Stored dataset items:
================

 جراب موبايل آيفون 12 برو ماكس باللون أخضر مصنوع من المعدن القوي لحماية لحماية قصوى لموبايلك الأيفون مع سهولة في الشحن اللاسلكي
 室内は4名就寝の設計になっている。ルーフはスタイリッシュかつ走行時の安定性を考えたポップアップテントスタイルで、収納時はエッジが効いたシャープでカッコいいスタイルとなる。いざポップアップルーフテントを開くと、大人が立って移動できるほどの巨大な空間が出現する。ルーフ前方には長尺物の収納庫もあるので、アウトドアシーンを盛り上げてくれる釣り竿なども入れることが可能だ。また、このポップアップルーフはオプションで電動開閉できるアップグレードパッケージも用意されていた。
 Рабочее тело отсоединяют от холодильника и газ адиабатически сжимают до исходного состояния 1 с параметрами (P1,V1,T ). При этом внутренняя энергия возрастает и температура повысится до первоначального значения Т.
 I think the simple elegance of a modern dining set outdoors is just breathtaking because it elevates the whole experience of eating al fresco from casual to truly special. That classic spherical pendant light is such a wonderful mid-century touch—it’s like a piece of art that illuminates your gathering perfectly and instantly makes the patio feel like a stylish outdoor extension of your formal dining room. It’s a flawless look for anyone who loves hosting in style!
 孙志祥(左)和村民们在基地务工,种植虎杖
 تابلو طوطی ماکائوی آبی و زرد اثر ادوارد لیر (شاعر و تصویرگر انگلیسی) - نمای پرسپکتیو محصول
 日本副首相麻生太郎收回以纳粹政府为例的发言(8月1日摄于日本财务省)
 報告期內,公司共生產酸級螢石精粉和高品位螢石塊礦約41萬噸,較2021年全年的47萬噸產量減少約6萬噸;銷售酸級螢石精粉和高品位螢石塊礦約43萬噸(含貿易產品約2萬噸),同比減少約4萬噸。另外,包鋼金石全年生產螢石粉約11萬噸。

================

◆ Brief:
Each record above must be given again exactly.

◆ Answer:
 جراب موبايل آيفون 12 برو ماكس باللون أخضر مصنوع من المعدن القوي لحماية لحماية قصوى لموبايلك الأيفون مع سهولة في الشحن اللاسلكي
 室内は4名就寝の設計になっている。ルーフはスタイリッシュかつ走行時の安定性を考えたポップアップテントスタイルで、収納時はエッジが効いたシャープでカッコいいスタイルとなる。いざポップアップルーフテントを開くと、大人が立って移動できるほどの巨大な空間が出現する。ルーフ前方には長尺物の収納庫もあるので、アウトドアシーンを盛り上げてくれる釣り竿なども入れることが可能だ。また、このポップアップルーフはオプションで電動開閉できるアップグレードパッケージも用意されていた。
 Рабочее тело отсоединяют от холодильника и газ адиабатически сжимают до исходного состояния 1 с параметрами (P1,V1,T ). При этом внутренняя энергия возрастает и температура повысится до первоначального значения Т.
 I think the simple elegance of a modern dining set outdoors is just breathtaking because it elevates the whole experience of eating al fresco from casual to truly special. That classic spherical pendant light is such a wonderful mid-century touch—it’s like a piece of art that illuminates your gathering perfectly and instantly makes the patio feel like a stylish outdoor extension of your formal dining room. It’s a flawless look for anyone who loves hosting in style!
 孙志祥(左)和村民们在基地务工,种植虎杖
 تابلو طوطی ماکائوی آبی و زرد اثر ادوارد لیر (شاعر و تصویرگر انگلیسی) - نمای پرسپکتیو محصول
 日本副首相麻生太郎收回以纳粹政府为例的发言(8月1日摄于日本财务省)
 報告期內,公司共生產酸級螢石精粉和高品位螢石塊礦約41萬噸,較2021年全年的47萬噸產量減少約6萬噸;銷售酸級螢石精粉和高品位螢石塊礦約43萬噸(含貿易產品約2萬噸),同比減少約4萬噸。另外,包鋼金石全年生產螢石粉約11萬噸。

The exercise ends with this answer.